> [ENTRIES SUPPLIED]:
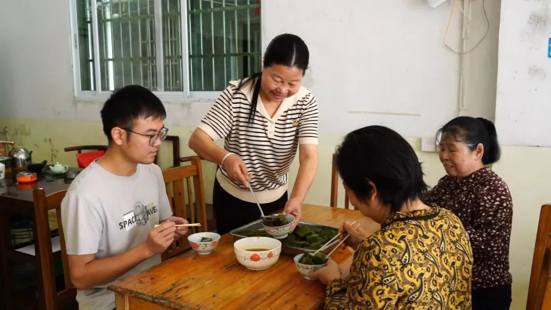 在当地,每年农历的四月至六月,仙人草开始进入旺盛生长的季节,勤劳质朴的客家人就会结伴来到田野间,收割新鲜嫩绿的仙人草用来制作仙人粄。一碗美味的仙人粄是如何制作的呢?记者看到,村民们先把洗净后的仙人草放入锅中熬煮,火候到一定程度时,将草渍捞起,再将仙人草汤过滤,然后倒入适量米浆,并加热不断搅拌,待汤液变成糊状后即倒入盆内冷却,便成了仙人粄,整个过程看似简单,但却非常考验耐心、细心。
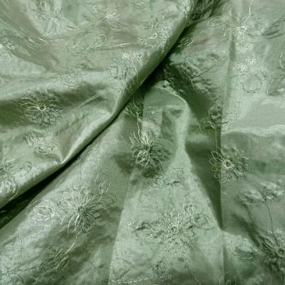 (ref : 1243) Ce tissu est un satin vert amande brodé de fleurs Il est assez fin et souple l'aspect...8.00€ TTC
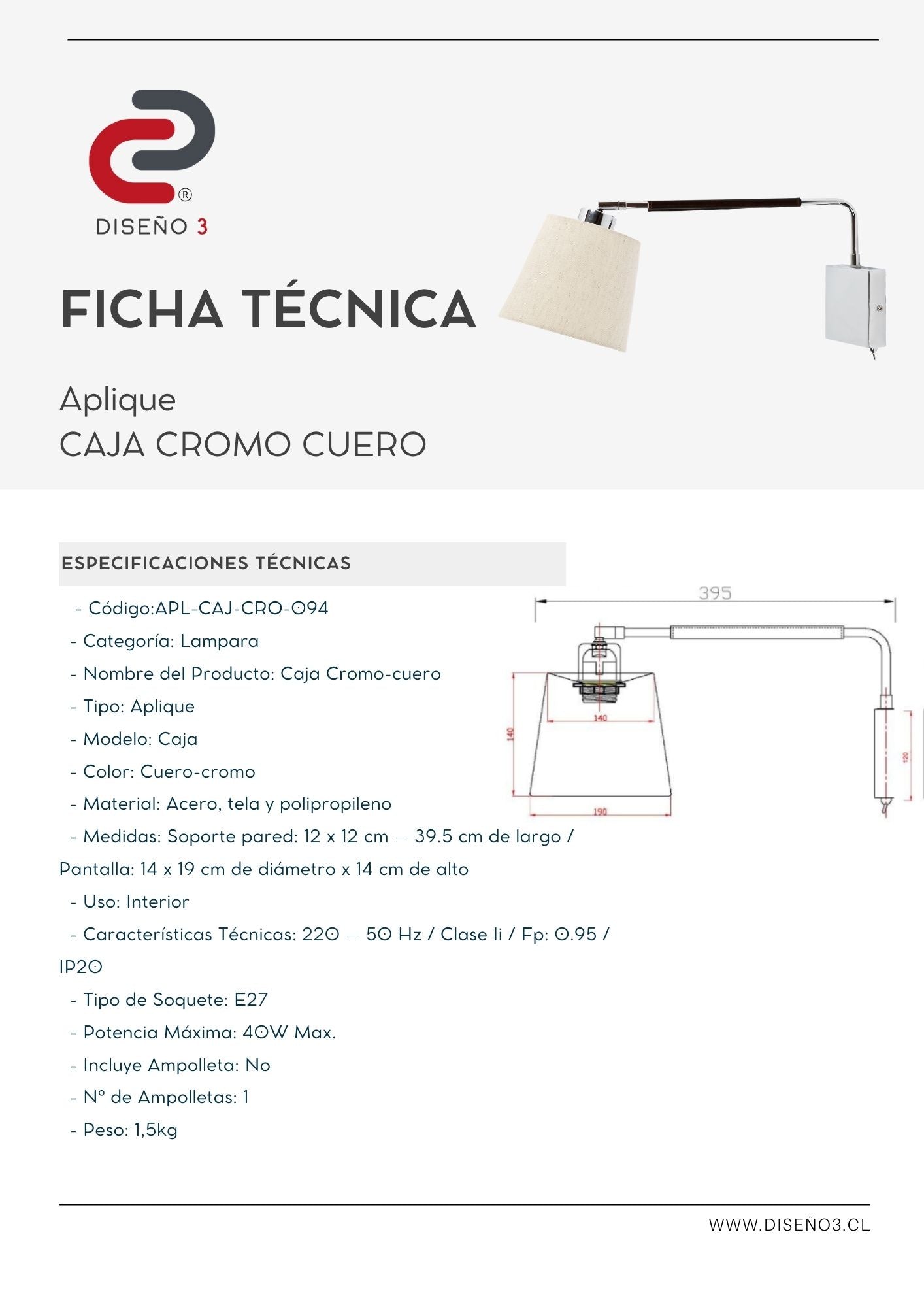 MEDIDAS: Soporte pared: 12 x 12 cm – 39.5 cm de largo / Pantalla: 14 x 19 cm de diámetro x 14 cm de alto
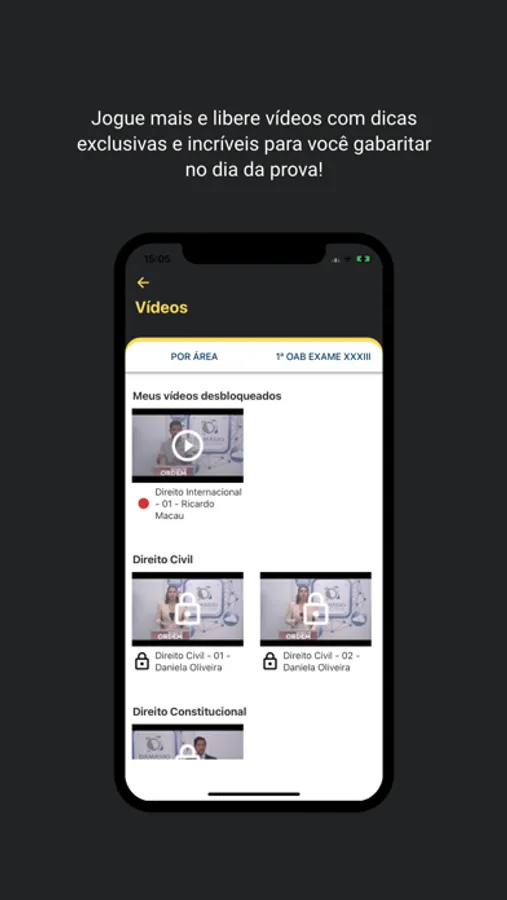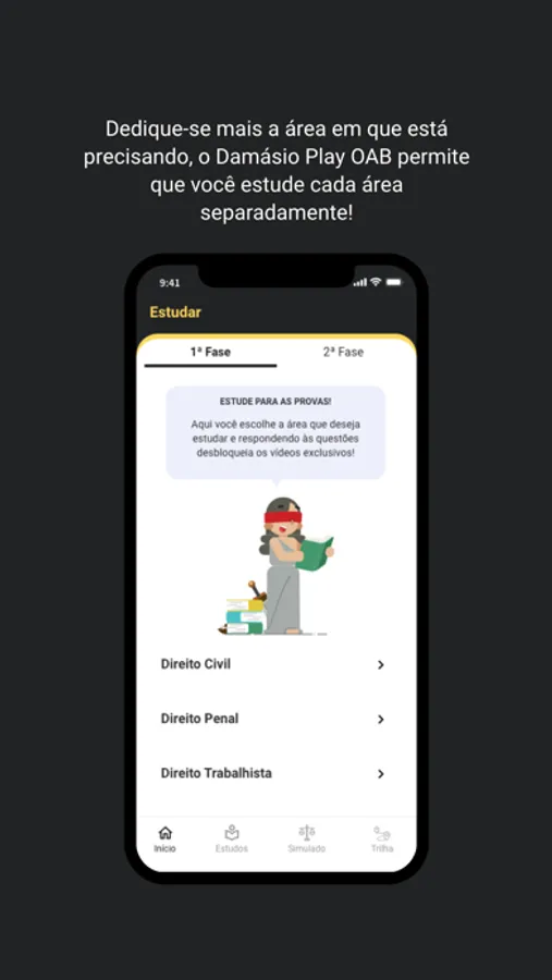 No Aplicativo Damásio Play OAB você terá questões atualizadas, preparadas pela renomada equipe da Damásio, para estudar a qualquer momento pelo seu smartphone escolhendo a disciplina de forma intuitiva no Modo Estudo.
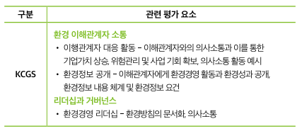 ▶ 이해관계자의 환경적 약속, 정책 및 성과에 대한 이해를 높이고 신뢰성과 파트너십을 구축하기 위해 정보를 공유하는 환경 의사소통을 명시
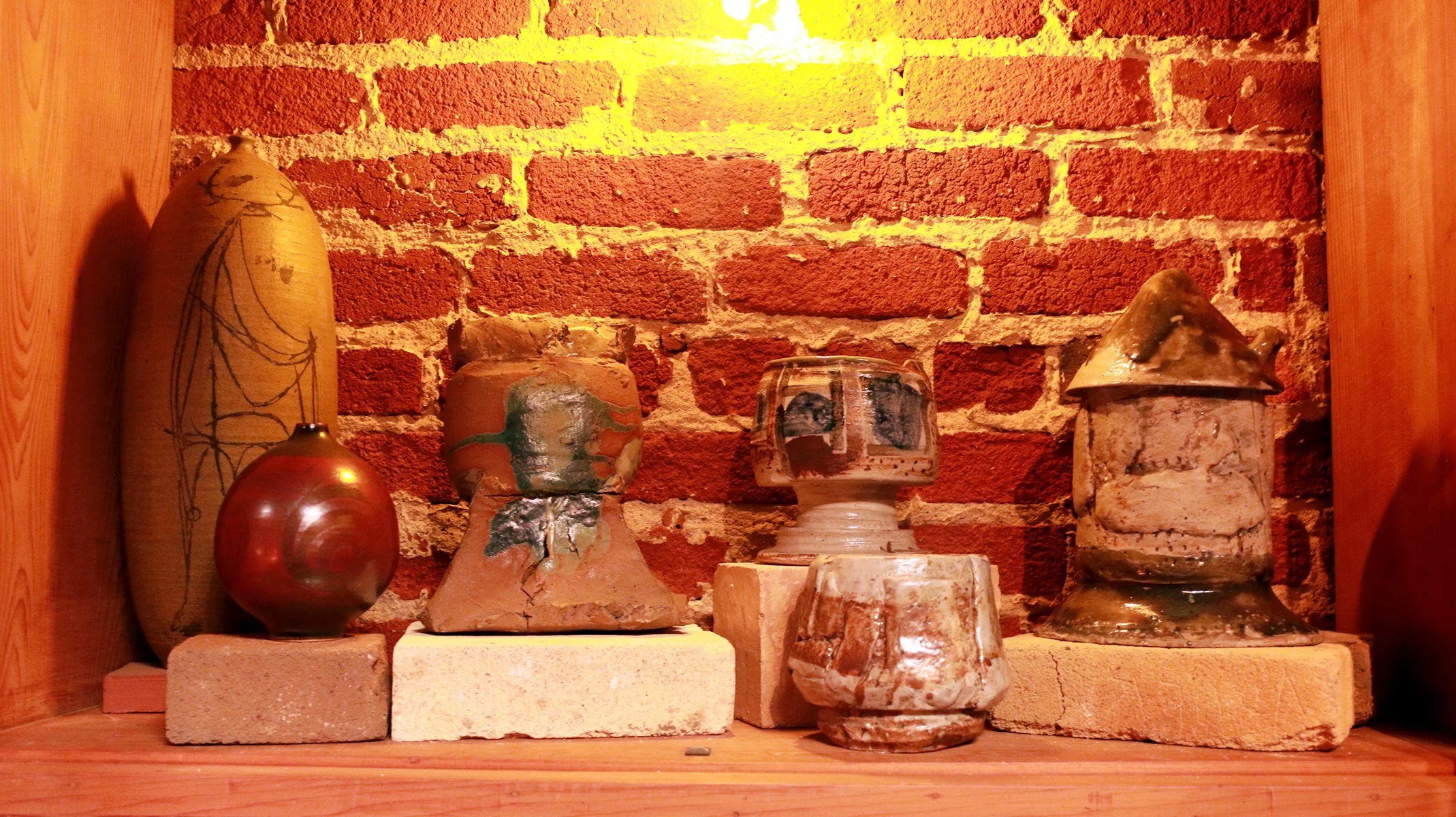 Sculpture by Goro Suzuki (left) with work by Peter Voulkos

> [WORK REQUIRED]:
All lines from the line with "(ref : 1243)" through the final line of the listing are to be printed exactly, both ends included; the pictures are not.

> [YOUR SOLUTION]:
 (ref : 1243) Ce tissu est un satin vert amande brodé de fleurs Il est assez fin et souple l'aspect...8.00€ TTC
 MEDIDAS: Soporte pared: 12 x 12 cm – 39.5 cm de largo / Pantalla: 14 x 19 cm de diámetro x 14 cm de alto
 No Aplicativo Damásio Play OAB você terá questões atualizadas, preparadas pela renomada equipe da Damásio, para estudar a qualquer momento pelo seu smartphone escolhendo a disciplina de forma intuitiva no Modo Estudo.
 ▶ 이해관계자의 환경적 약속, 정책 및 성과에 대한 이해를 높이고 신뢰성과 파트너십을 구축하기 위해 정보를 공유하는 환경 의사소통을 명시
 Sculpture by Goro Suzuki (left) with work by Peter Voulkos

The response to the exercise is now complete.